I am looking to create a splunk query but finding it complex to start with.
Use case:
Index 1 has two logs like
Log 1: Received from client C for user Y and request id: X
Log 2: request id:X completed
Index 2 looks like:
User Y has total sent items count : Z
I want output if all user items count , from particular client say , D, for which request is completed.

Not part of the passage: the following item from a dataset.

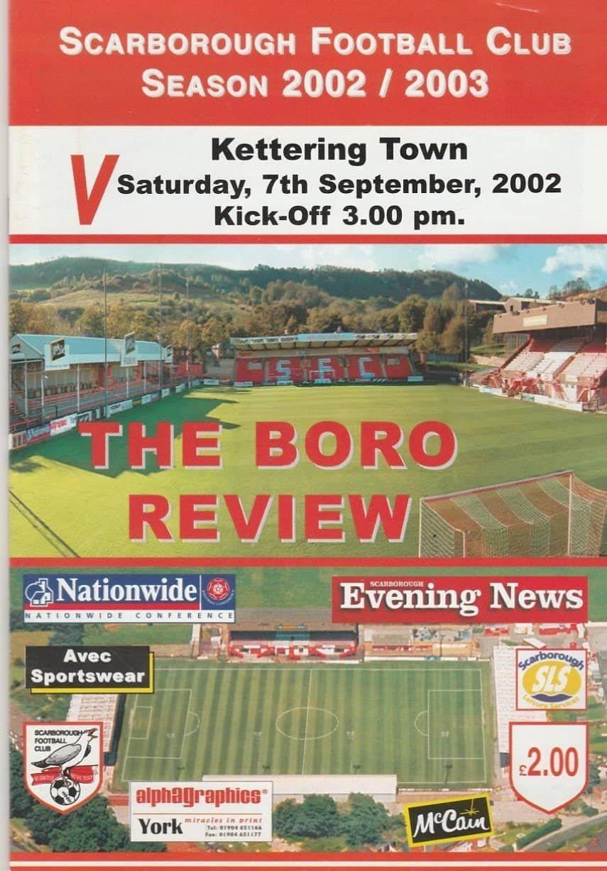 Match: Scarborough v Kettering Town Competition: Nationwide Conference Date: 07-Sep-2002 Comments: Rating: 4 Condition: Very good Weight in grams: 100

Basically, if from D client, there was a request and that request is completed, give me the User and items count for that.
Presuming an item is not counted if it is not complete, we can combine Log 1 and index2 like this.

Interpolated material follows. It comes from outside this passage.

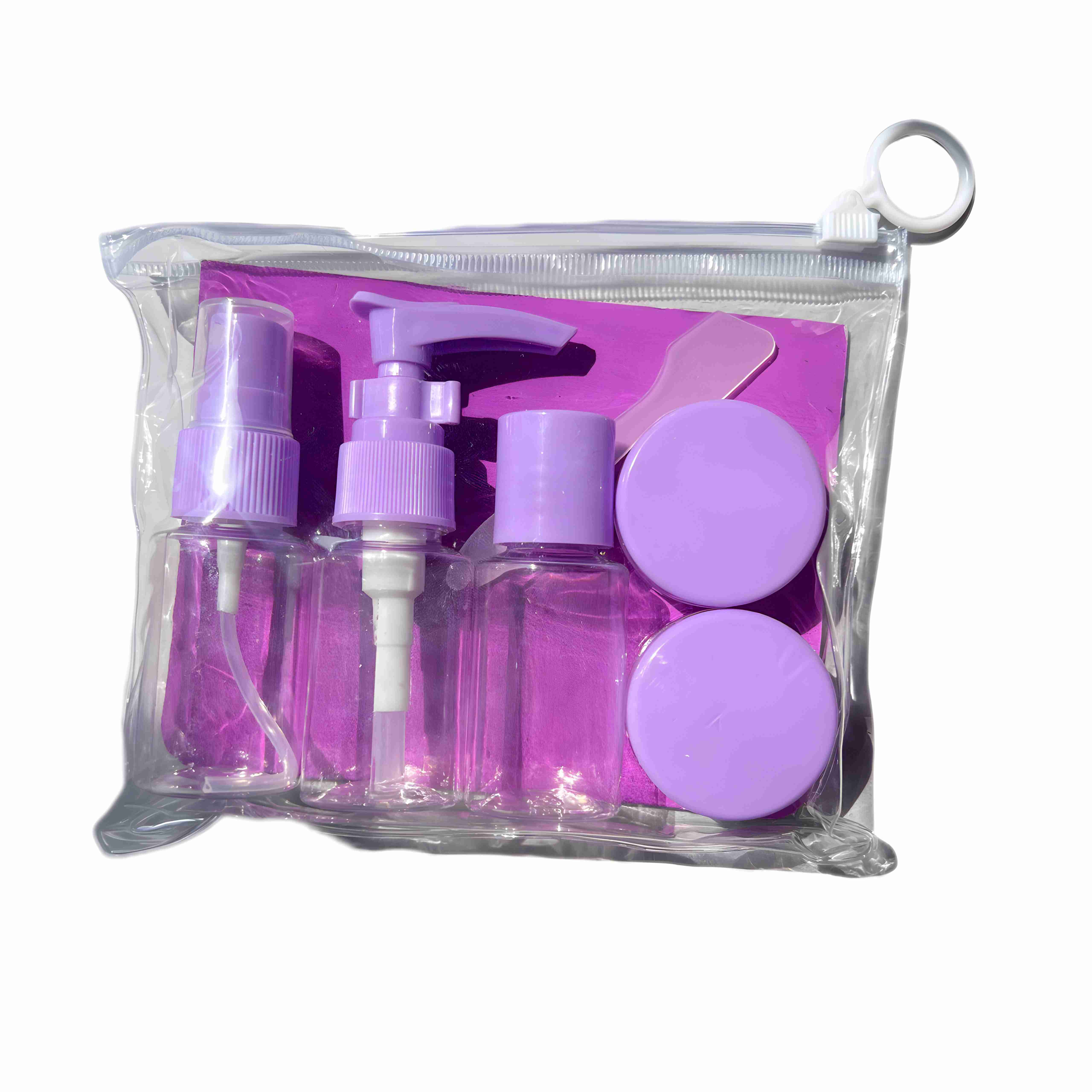 شامل یک بطری پمپی و یک بطری اسپری و یک بطری در دکمه ای و دو عدد ظرف در پیچی و کاردک می باشد و این پک از جنس پلاستیک شفاف هست و کیفیت بالای آن باعث میشود که در اثر ضربه آسیبی به محصول نرسد این پک را میتوانید در استخر و یا کنار ساحل نیز استفاده کنید به دلیل درب محکمی که بطری ها و ظرف های پیچی دارد به هیچ عنوان مواد از داخل به بیرون نمیریزد و هیچ شن و یا گرد وخاکی درون محصول وارد نمیشود.

(index=index1 "Received from client * for user * and request id: *" OR
(index=index2 "User * has total sent items count : *")
| rex "[uU]ser (?<user>\S+)"
| rex "items count : (?<itemCount>\d+)"
| stats sum(itemCount) as "Items count" by user
Adding to Rich’s answer this is a good resource. https://conf.splunk.com/files/2020/slides/TRU1761C.pdf
want to combine, log1 and log2 from index1 with index2?

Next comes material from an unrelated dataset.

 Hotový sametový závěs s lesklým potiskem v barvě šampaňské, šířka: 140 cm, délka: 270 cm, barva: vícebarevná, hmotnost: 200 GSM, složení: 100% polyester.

Using the construct of @richgalloway's answer,
(index=index1 "Received from client * for user * and request id: *" OR "request id:* completed") OR
(index=index2 "User * has total sent items count : *")
| rex "request id:\s*(?<id>\w+)
| rex "from client (?<client>\S+)"
| rex "[uU]ser (?<user>\S+)"
| rex "items count : (?<itemCount>\d+)"
| stats sum(itemCount) as "Items count" values(source) as source by user id
| where source == "log2"
Note this uses a side effect of SPL's multivalue equality test and deduced source of "completed" status. You can reconstruct this to be more semantically explicit.
How is it making sure that the request id is completed. I cannot see computation on "request id"
As I said, it was a deduction. From your description, "request id:* completed" is only found in log2, "Received from client * for user * and request id: *" is only found in log1. Assuming log1, log2 are in source field, the search term
(index=index1 "Received from client * for user * and request id: *" OR "request id:* completed")
makes sure that if an event has source=="log2", it must contain "request id:* completed". Computation of "request id" or, in my code sample, "id", is computed via stats groupby. But the stats command in the previous post was incorrect. Group by id and group by user cannot be in a single stats.
The correct command should be
(index=index1 "Received from client * for user * and request id: *" OR "request id:* completed") OR
(index=index2 "User * has total sent items count : *")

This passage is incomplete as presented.